Lupe fiasco might not be your cup of tea but he is the truth . Real talk. No comercial bs just hot rhymes and intellegent thoughts.


----------



## fukdapolice (Feb 26, 2009)

winkdogg420 said:


> Lupe fiasco might not be your cup of tea but he is the truth . Real talk. No comercial bs just hot rhymes and intellegent thoughts.


co fuckin sign!!!!! +rep

ppl dont like lupe cuz he is intelligent!!! listen to "dumb it down" and see if you can understand that.


----------



## cookin (Feb 26, 2009)

dumb it down, now theres something we can agree on, what a tune


----------



## Polak50 (Feb 26, 2009)

Can't stand the guy. I heard he is like 5 feet tall. I miss the good rap. Three six Mafia, Tupac, Ole Dirty Bastard (LOL), and crunchy black. Every mainstream rapper out there right now I think they suck...beats are poppin but producers make them.


----------



## FootballFirst (Feb 26, 2009)

his early stuff was good. the last 3 years have been nightclub trash.

shorties in the club, 
bottle full of bubb,
something something,
lovely lady lines?

those are some shit lyrics.
this shit cannot compare to his earlier unheralded works. his beat used to be all Manny Fresh, and they were nice. who is doing his tracks now? def not manny or dre


----------



## atticusfinch1202 (Feb 26, 2009)

I like Lupe, he's got some good songs here and there. Go Go Gadget Flow is pretty sick, and so is Happy Industries.

And I don't know what you're consider north east, but your from Garden State? Not exactly north east cuzbohl...oh, I get it, you must be from..sorry it's hard to say this and not cringe..North Jersey. I don't know how it is up there in New York's toilet, but down here in South Jersey, we're all about the Weezy.


----------



## Tizzle312 (Feb 26, 2009)

fukdapolice said:


> co fuckin sign!!!!! +rep
> 
> ppl dont like lupe cuz he is intelligent!!! listen to "dumb it down" and see if you can understand that.

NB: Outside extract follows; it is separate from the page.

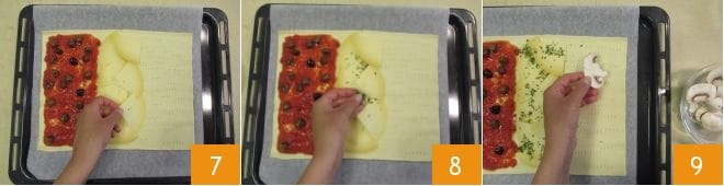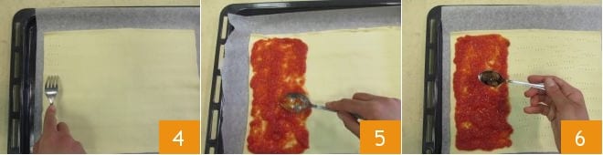 Maintenant, recouvrez une plaque de cuisson de papier sulfurisé, déposez dessus la pâte feuilletée rectangulaire et piquez-la avec les dents d'une fourchette 4. Recouvrez un tiers de la pâte avec la purée de tomates 5 et assaisonnez avec les olives dénoyautées 6.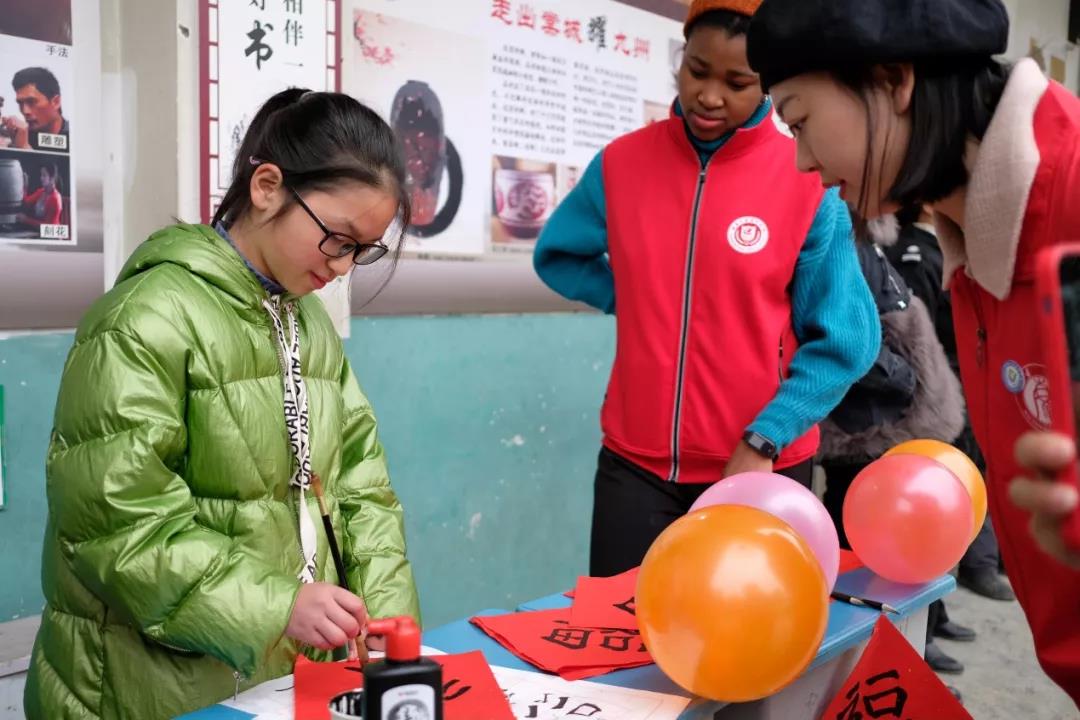 书法学习摊位上的孩子不多,偶尔来一两个孩子,都能拥有安安静静的时光,她们的笑意来源于不与周围争吵的时光。志愿者主要带着大家写福字,每一横每一勾,都细细讲述着中国文化传承的故事。留学生志愿者也在这个摊位上,当稚嫩的手颤颤巍巍时,来自异国他乡的扶持牵引着它,探索世界共融的奥秘。

people dont like Lupe cause hes intelligent ???
dat doesnt make sense , if anything people should like him if hes intelligent 
but its not that 
its just hes not good in my opinion , i came to that conclusion after hearing all his songs 

the thing with wayne is he comes out with wack ass shit , but then he comes out with something sooo insane that it just makes up for the garbage 

lupe is just garbage , he tries so hard to sound intelligent that it comes out horrible , its like a blind kid trying to win a starring contest with the sun


----------



## fukdapolice (Feb 26, 2009)

Tizzle312 said:


> people dont like Lupe cause hes intelligent ???
> dat doesnt make sense , if anything people should like him if hes intelligent
> but its not that
> its just hes not good in my opinion , i came to that conclusion after hearing all his songs
> ...


i should have said they dont like him cuz they cant understand his lyrics. he is intelligent, and doesnt dumb down his lyrics.

its like Jay said in "Moment of Clarity"



> *I dumb down for my audience
> And double my dollars*
> They criticize me for it
> Yet they all yell "Holla"
> ...


Lupe has the skill to sell 5mill, but he hasnt sold out....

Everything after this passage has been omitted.